Segment Open

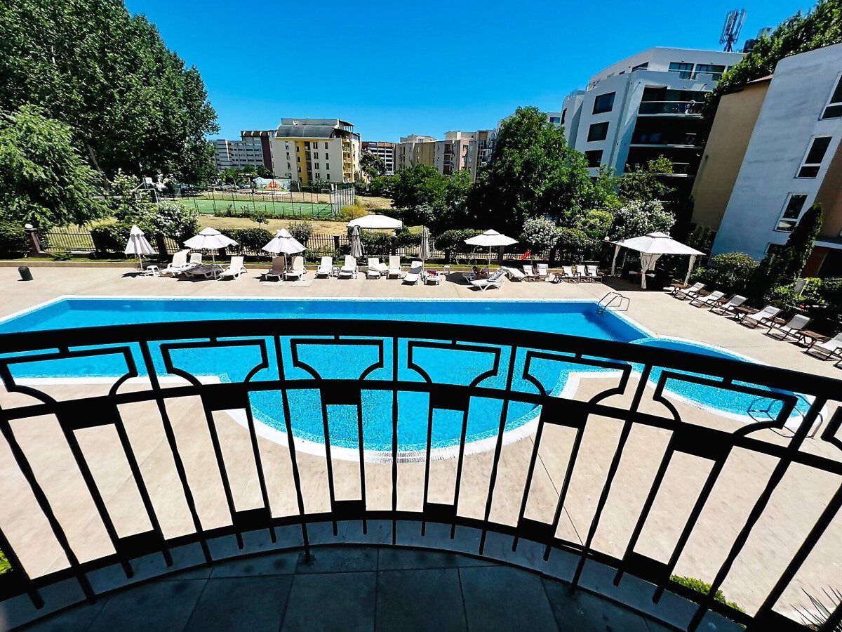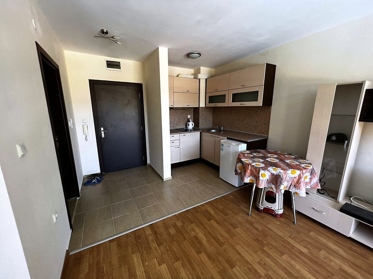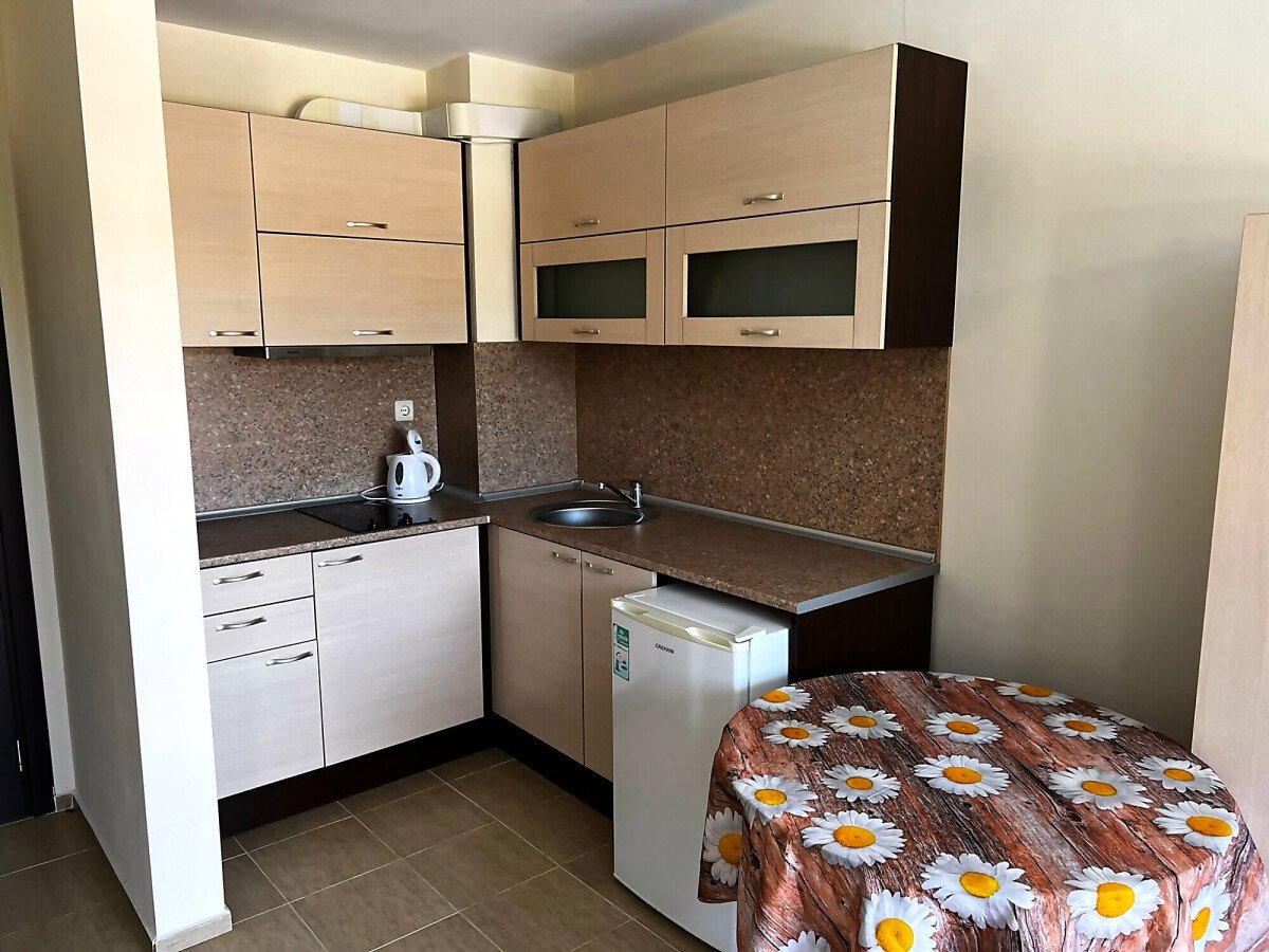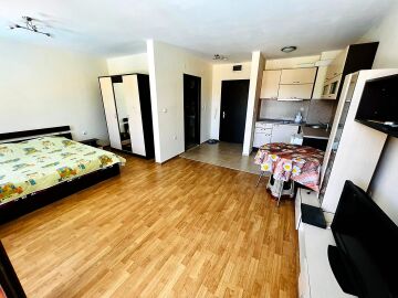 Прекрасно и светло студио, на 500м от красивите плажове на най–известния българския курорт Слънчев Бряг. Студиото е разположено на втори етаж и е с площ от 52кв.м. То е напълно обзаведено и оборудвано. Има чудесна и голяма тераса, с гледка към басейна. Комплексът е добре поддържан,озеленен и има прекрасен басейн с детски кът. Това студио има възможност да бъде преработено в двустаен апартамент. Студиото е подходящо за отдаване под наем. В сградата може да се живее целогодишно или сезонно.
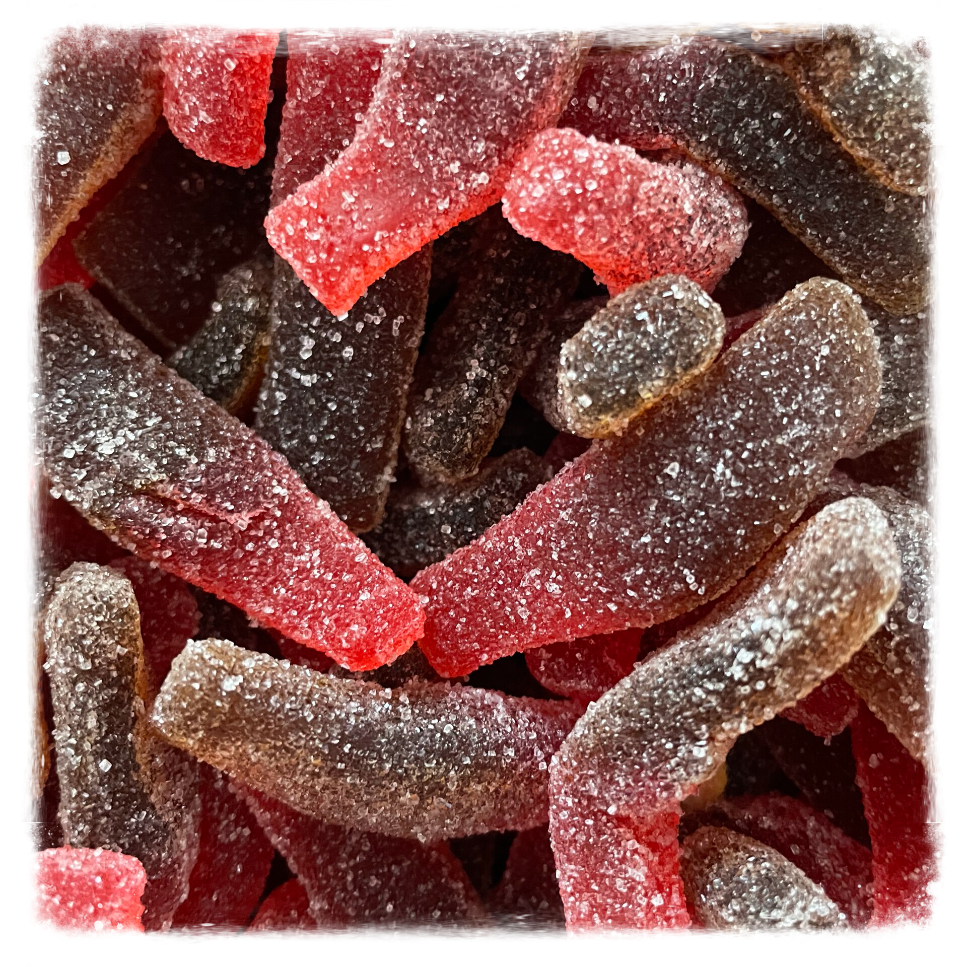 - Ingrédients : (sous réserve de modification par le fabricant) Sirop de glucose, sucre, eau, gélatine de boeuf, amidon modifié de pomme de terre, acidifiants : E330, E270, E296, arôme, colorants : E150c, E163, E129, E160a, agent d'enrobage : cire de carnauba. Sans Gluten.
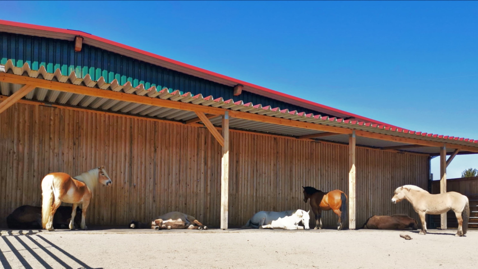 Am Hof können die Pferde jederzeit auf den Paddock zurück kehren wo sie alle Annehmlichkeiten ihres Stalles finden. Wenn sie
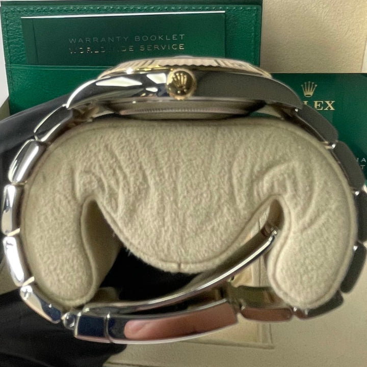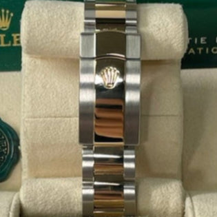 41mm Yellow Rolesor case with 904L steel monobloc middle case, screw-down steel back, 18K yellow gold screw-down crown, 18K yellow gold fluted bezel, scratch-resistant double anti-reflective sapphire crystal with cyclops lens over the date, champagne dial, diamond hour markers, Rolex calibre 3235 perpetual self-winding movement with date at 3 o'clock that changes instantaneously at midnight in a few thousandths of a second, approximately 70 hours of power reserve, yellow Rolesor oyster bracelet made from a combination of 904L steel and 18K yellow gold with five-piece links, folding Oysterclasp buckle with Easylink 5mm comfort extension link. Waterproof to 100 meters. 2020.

Segment Closed
Segment Open

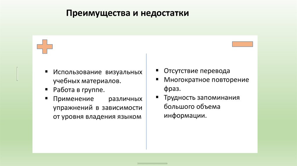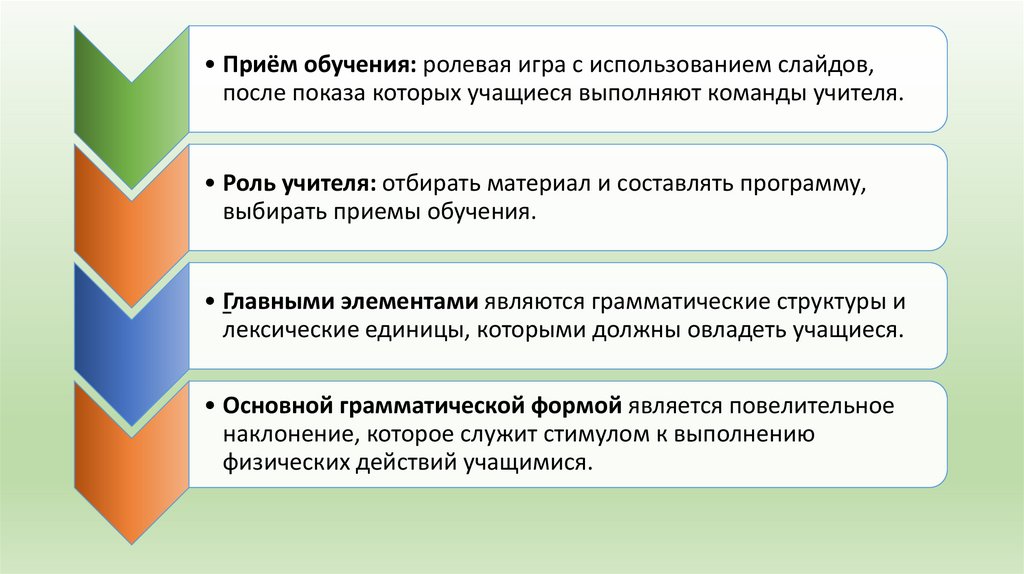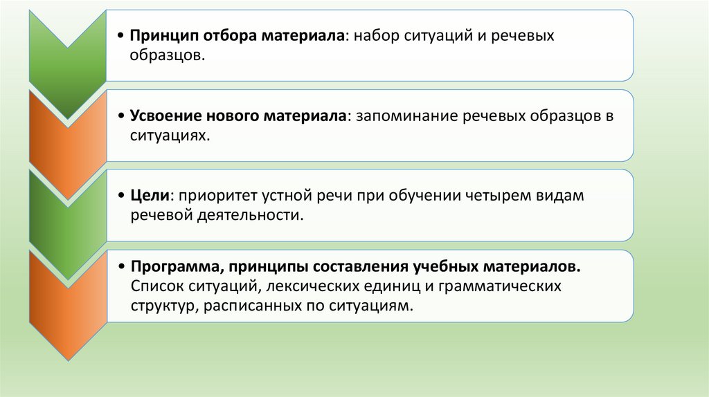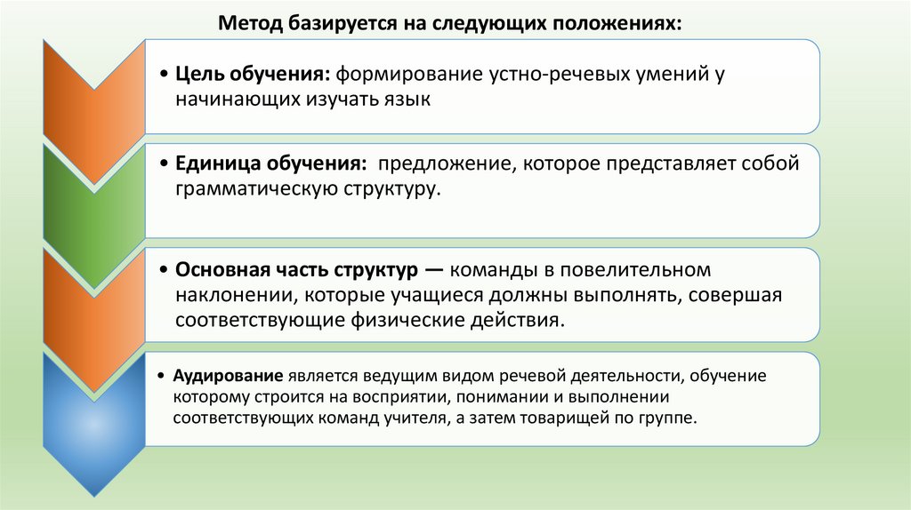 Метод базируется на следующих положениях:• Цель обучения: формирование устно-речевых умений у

Segment Closed

* _Work item_: The response must repeat exactly the lines above from the one with "Прекрасно и светло" through the one with "Am Hof können", including both, and must contain no pictures and no other text.

* _Response area_:
 Прекрасно и светло студио, на 500м от красивите плажове на най–известния българския курорт Слънчев Бряг. Студиото е разположено на втори етаж и е с площ от 52кв.м. То е напълно обзаведено и оборудвано. Има чудесна и голяма тераса, с гледка към басейна. Комплексът е добре поддържан,озеленен и има прекрасен басейн с детски кът. Това студио има възможност да бъде преработено в двустаен апартамент. Студиото е подходящо за отдаване под наем. В сградата може да се живее целогодишно или сезонно.
 - Ingrédients : (sous réserve de modification par le fabricant) Sirop de glucose, sucre, eau, gélatine de boeuf, amidon modifié de pomme de terre, acidifiants : E330, E270, E296, arôme, colorants : E150c, E163, E129, E160a, agent d'enrobage : cire de carnauba. Sans Gluten.
 Am Hof können die Pferde jederzeit auf den Paddock zurück kehren wo sie alle Annehmlichkeiten ihres Stalles finden. Wenn sie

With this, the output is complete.